** RECORDS SHOWN follows **

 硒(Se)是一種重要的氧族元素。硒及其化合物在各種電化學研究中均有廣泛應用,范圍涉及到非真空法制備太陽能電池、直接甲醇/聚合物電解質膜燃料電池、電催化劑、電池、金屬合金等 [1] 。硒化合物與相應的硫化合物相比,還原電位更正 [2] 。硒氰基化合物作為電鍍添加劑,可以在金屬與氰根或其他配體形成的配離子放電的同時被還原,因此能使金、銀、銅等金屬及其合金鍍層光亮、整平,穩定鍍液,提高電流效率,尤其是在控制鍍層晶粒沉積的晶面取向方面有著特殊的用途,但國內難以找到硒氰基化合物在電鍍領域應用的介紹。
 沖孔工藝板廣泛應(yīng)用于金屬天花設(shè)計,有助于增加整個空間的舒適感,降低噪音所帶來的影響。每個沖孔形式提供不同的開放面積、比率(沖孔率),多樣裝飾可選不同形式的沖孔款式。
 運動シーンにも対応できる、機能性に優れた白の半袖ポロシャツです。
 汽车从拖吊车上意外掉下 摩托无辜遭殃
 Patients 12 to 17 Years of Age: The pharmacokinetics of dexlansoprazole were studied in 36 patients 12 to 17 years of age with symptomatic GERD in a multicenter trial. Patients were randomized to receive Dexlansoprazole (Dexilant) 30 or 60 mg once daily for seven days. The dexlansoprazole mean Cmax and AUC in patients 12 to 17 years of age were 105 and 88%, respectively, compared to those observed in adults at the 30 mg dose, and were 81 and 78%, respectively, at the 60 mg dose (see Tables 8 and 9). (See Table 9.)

** End of RECORDS SHOWN **
** RECORDS SHOWN follows **

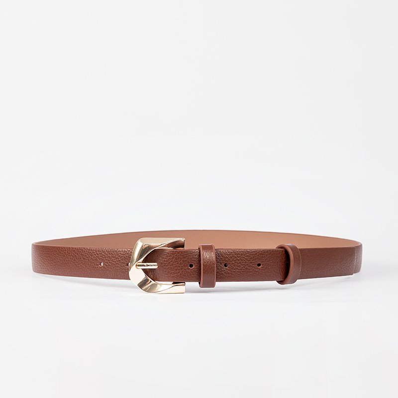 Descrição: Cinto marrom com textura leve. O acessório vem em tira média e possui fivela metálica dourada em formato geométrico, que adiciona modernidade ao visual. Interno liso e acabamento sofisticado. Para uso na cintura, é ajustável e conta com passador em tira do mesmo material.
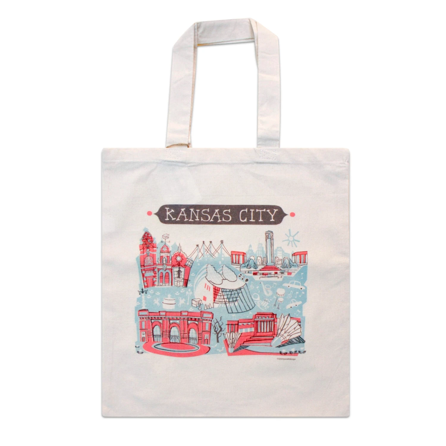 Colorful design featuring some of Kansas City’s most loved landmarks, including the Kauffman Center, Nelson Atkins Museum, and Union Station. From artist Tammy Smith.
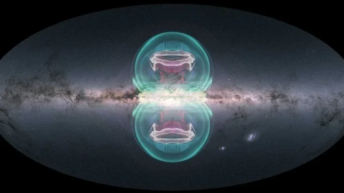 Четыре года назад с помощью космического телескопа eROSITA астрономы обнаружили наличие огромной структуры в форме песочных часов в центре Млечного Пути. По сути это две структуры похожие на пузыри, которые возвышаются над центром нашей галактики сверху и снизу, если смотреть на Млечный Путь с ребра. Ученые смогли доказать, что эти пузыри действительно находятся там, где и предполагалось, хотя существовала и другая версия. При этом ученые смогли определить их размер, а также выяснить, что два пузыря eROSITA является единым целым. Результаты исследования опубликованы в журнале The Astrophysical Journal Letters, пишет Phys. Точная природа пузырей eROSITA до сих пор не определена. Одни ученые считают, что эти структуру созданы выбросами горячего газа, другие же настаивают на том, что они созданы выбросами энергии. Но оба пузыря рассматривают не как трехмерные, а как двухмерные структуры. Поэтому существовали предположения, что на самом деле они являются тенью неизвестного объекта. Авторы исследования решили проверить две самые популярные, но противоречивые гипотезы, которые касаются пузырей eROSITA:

** End of RECORDS SHOWN **

**YOUR OBJECTIVE**
Above is a listing; print exactly its lines from the one with "汽车从拖吊车上意外掉下 摩托无辜遭殃" through the one with "Patients 12 to 17 Years of Age: The", and no other lines.

**REPLY**
 汽车从拖吊车上意外掉下 摩托无辜遭殃
 Patients 12 to 17 Years of Age: The pharmacokinetics of dexlansoprazole were studied in 36 patients 12 to 17 years of age with symptomatic GERD in a multicenter trial. Patients were randomized to receive Dexlansoprazole (Dexilant) 30 or 60 mg once daily for seven days. The dexlansoprazole mean Cmax and AUC in patients 12 to 17 years of age were 105 and 88%, respectively, compared to those observed in adults at the 30 mg dose, and were 81 and 78%, respectively, at the 60 mg dose (see Tables 8 and 9). (See Table 9.)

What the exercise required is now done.